FBI Investigates 25 Basquiat Works Exhibited at Florida Museum
- May 30, 2022 23:39
The New York Times reports that the FBI Art Crime Team is "investigating the authenticity of 25 paintings that the Orlando Museum of Art says were created by Basquiat." The works are said to have been painted by Jean-Michel Basquiat in the 1980s, recovered from a storage unit in 2012, and largely exhibited in public only this year.
Doubts first surfaced, the New York Times noted, after the FedEx typeface on the cardboard used in the artworks was dated to after 1994 — six years after the artist’s death.
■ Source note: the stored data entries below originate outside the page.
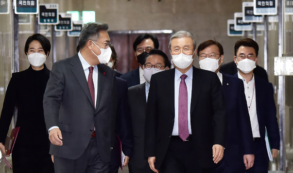 정진석 "정권심판 대의 동참하면 누구나 함께" 국민의힘 김종인 비상대책위원장은 30일 내년 4월 서울·부산시장 보궐선거와 관련해 "공천관리위원회에서 국민의힘이 최적의 후보를 발굴하는 데 노력해주면 두 도시에서의 승리가 확실하다고 믿는다"고 말했다.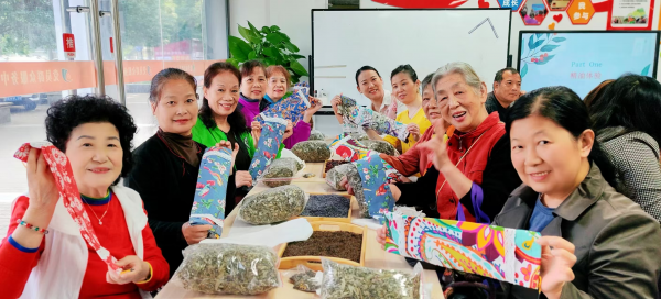 在老师的指导下,居民们纷纷动手,将中药材小心翼翼地装入布袋中。一边制作安神药枕,一边交流制作心得,现场气氛温馨而融洽。不一会儿,一个个精美又饱满精致的艾草枕制作完成,居民们看着自己亲手制作的药枕,脸上洋溢着快乐的笑容。
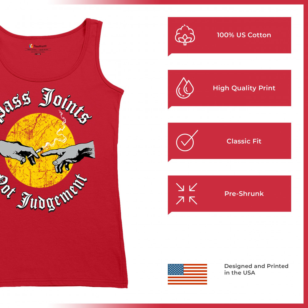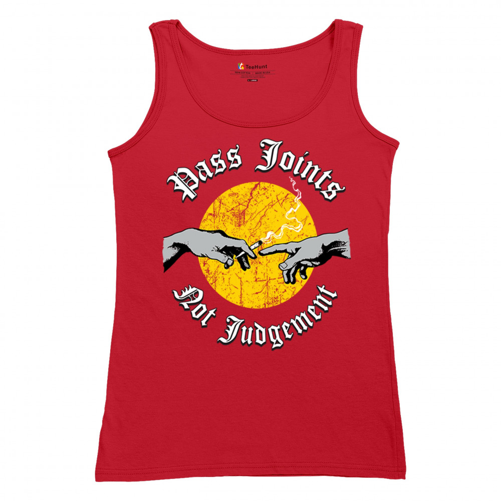 Cannabis culture twist on classic art. Hands passing a joint with “Pass Joints Not Judgement†message. Chill, bold, and unapologetically stoner.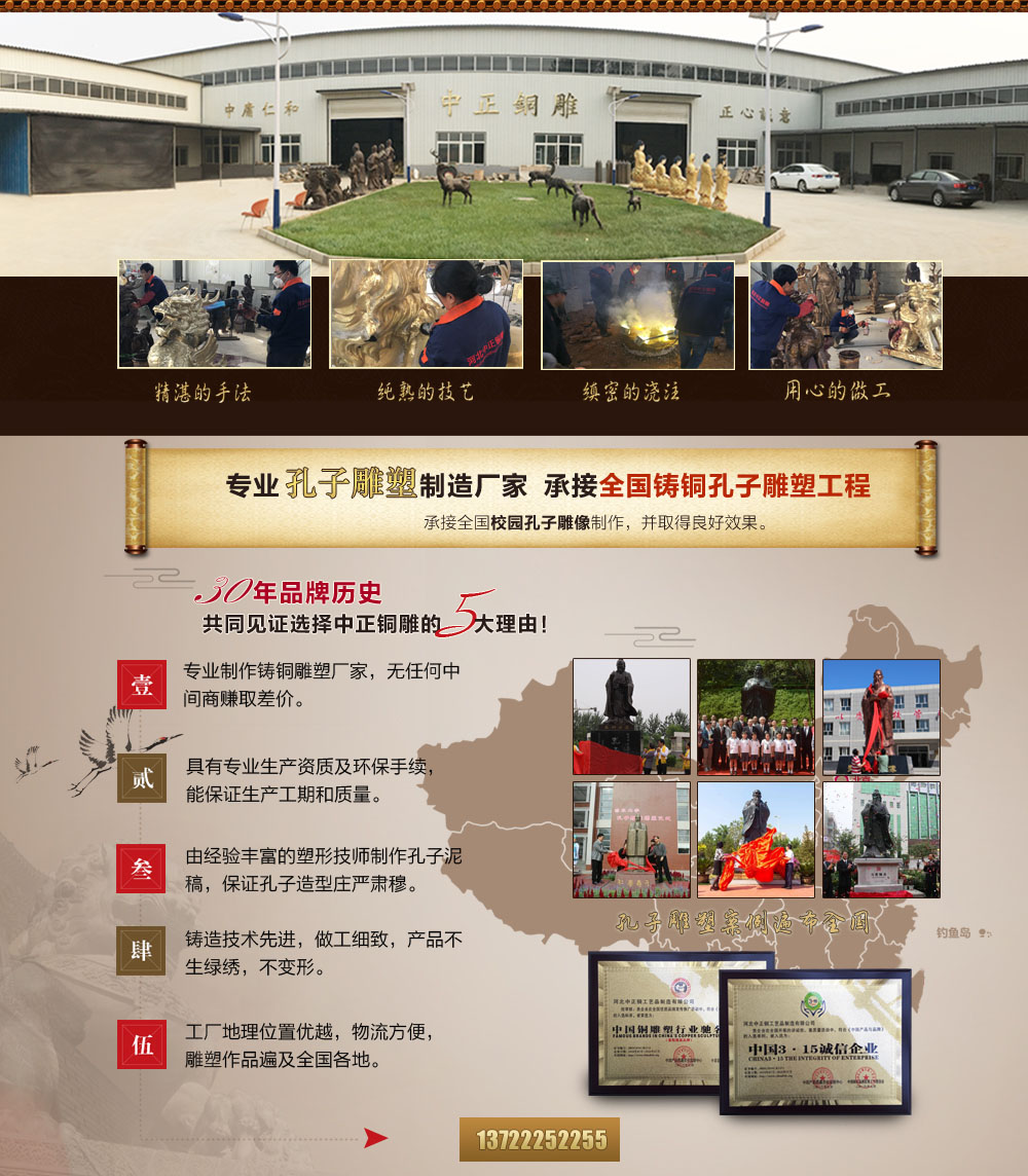 我廠是河北專業制作鑄銅孔子雕塑廠家,是具有自主設計圖紙、雕刻泥稿、鑄造銅雕、安裝施工能力的單位。對加工鑄銅孔子雕塑有著豐富的經驗,能很好的把握孔子雕塑的形態,使其造型端莊、大方而又不失儒雅、慈祥。我們擁有完善的生產設備,環保達標,手續齊全。廠內有多位技術熟練的鑄造技師指導生產制作。在生產傳統造型的孔子雕塑之外,也可按客戶提供孔子造型訂做不同姿態的銅雕塑,材質也可以選擇不同銅質如:青銅、紫銅、黃銅等。
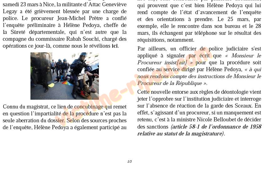 samedi 23 mars à Nice, la militante d'Attac Geneviève Legay a été grièvement blessée par une charge de police. Le procureur Jean-Michel Prêtre a confié l'enquête préliminaire à Hélène Pedoya, cheffe de la Sûreté départementale, qui n'est autre que la compagne du commissaire Rabah Souchi, chargé des opérations ce jour-là, comme nous le révélions ici.

While other questions involving authenticity have emerged, the paintings’ owners and the Orlando museum’s director and chief executive, Aaron De Groft, say the works in the current "Heroes and Monsters" exhibition are nonetheless by Basquiat.
From the Orlando Museum of Art: "Heroes and Monsters presents a rare group of paintings from a private collection that are being shown for the first time at the Orlando Museum of Art. The 25 works were created in 1982 while the artist was living temporarily in Los Angeles, California. This is considered by many to be Basquiat’s best period in his short career. By 1982, he had established his distinctive raw expressionistic style and the symbolic vocabulary that would continue to recur in his work. His paintings often contrasted powerful forces within society and perhaps within himself as seen in Heroes & Monsters: Jean-Michel Basquiat, The Thaddeus Mumford, Jr. Venice Collection."